Bases: RegressiveCovariantConstructionCategory, Category_over_base_ring

EXAMPLES:

sage: C = GradedAlgebras(QQ)
sage: C
Category of graded algebras over Rational Field
sage: C.base_category()
Category of algebras over Rational Field
sage: sorted(C.super_categories(), key=str)
[Category of filtered algebras over Rational Field,
 Category of graded vector spaces over Rational Field]

sage: AlgebrasWithBasis(QQ).Graded().base_ring()
Rational Field
sage: GradedHopfAlgebrasWithBasis(QQ).base_ring()
Rational Field
>>> from sage.all import *
>>> C = GradedAlgebras(QQ)
>>> C
Category of graded algebras over Rational Field
>>> C.base_category()
Category of algebras over Rational Field
>>> sorted(C.super_categories(), key=str)
[Category of filtered algebras over Rational Field,
 Category of graded vector spaces over Rational Field]

>>> AlgebrasWithBasis(QQ).Graded().base_ring()
Rational Field
>>> GradedHopfAlgebrasWithBasis(QQ).base_ring()
Rational Field
classmethod default_super_categories(category, *args)[source]#

Return the default super categories of category.Graded().

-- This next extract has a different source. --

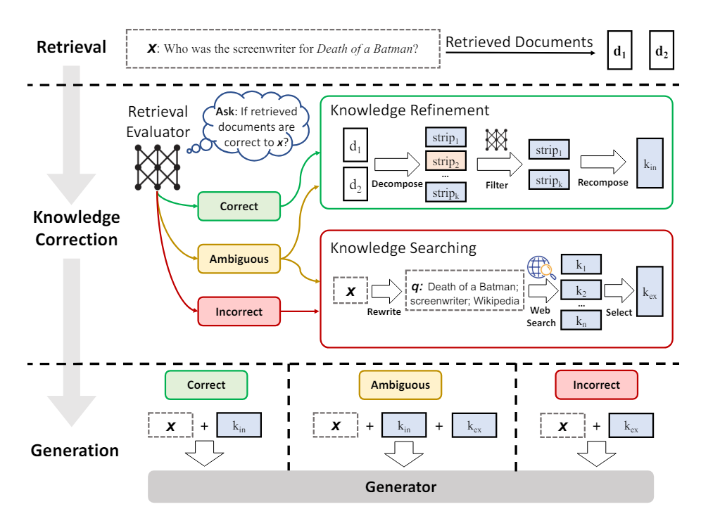 Eine neue Methode von SELF-RAG ist "Corrective RAG", welches in dem Paper "Corrective Retrieval Augmented Generation" vorgestellt wird. Der Kern dieser Methode besteht darin, dass die gefundenen Dokumente von einem LLM bewertet werden und anhand dieser Bewertung Folgeschritte abgeleitet werden, wie zum Beispiel eine zusätzliche Websuche.
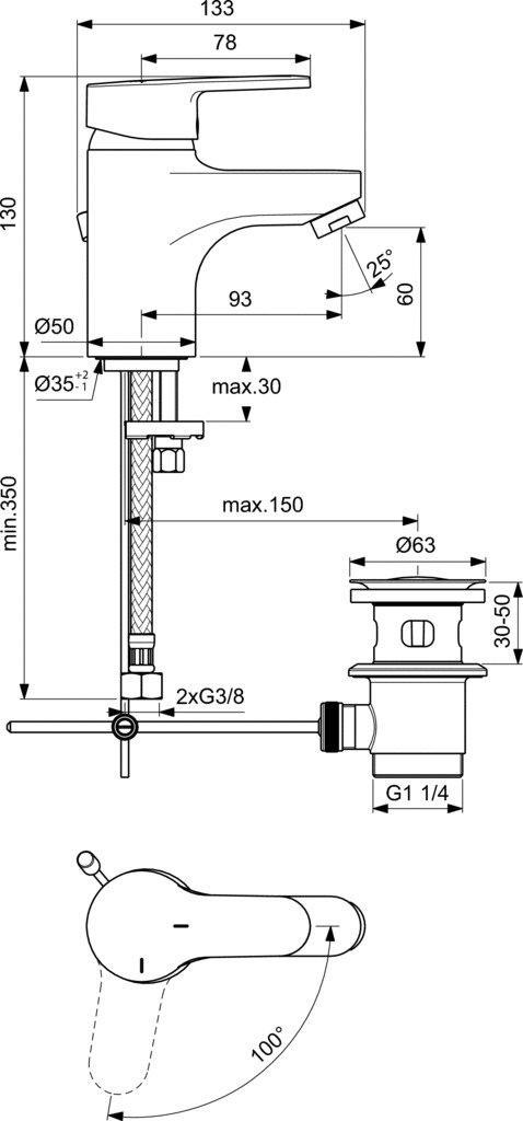 - Hauteur sous aérateur 60 mm. Projection 93 mm

Mathematical meaning: every graded object (module, algebra, etc.) is a filtered object with the (implicit) filtration defined by \(F_i = \bigoplus_{j \leq i} G_j\).

INPUT:

  • cls – the class GradedModulesCategory

  • category – a category

OUTPUT: a (join) category

In practice, this returns category.Filtered(), joined together with the result of the method RegressiveCovariantConstructionCategory.default_super_categories() (that is the join of category.Filtered() and cat for each cat in the super categories of category).

EXAMPLES:

Consider category=Algebras(), which has cat=Modules() as super category. Then, a grading of an algebra \(G\) is also a filtration of \(G\):

sage: Algebras(QQ).Graded().super_categories()
[Category of filtered algebras over Rational Field,
 Category of graded vector spaces over Rational Field]
>>> from sage.all import *
>>> Algebras(QQ).Graded().super_categories()
[Category of filtered algebras over Rational Field,
 Category of graded vector spaces over Rational Field]

This resulted from the following call:

sage: sage.categories.graded_modules.GradedModulesCategory.default_super_categories(Algebras(QQ))
Join of Category of filtered algebras over Rational Field
 and Category of graded vector spaces over Rational Field
>>> from sage.all import *
>>> sage.categories.graded_modules.GradedModulesCategory.default_super_categories(Algebras(QQ))
Join of Category of filtered algebras over Rational Field
 and Category of graded vector spaces over Rational Field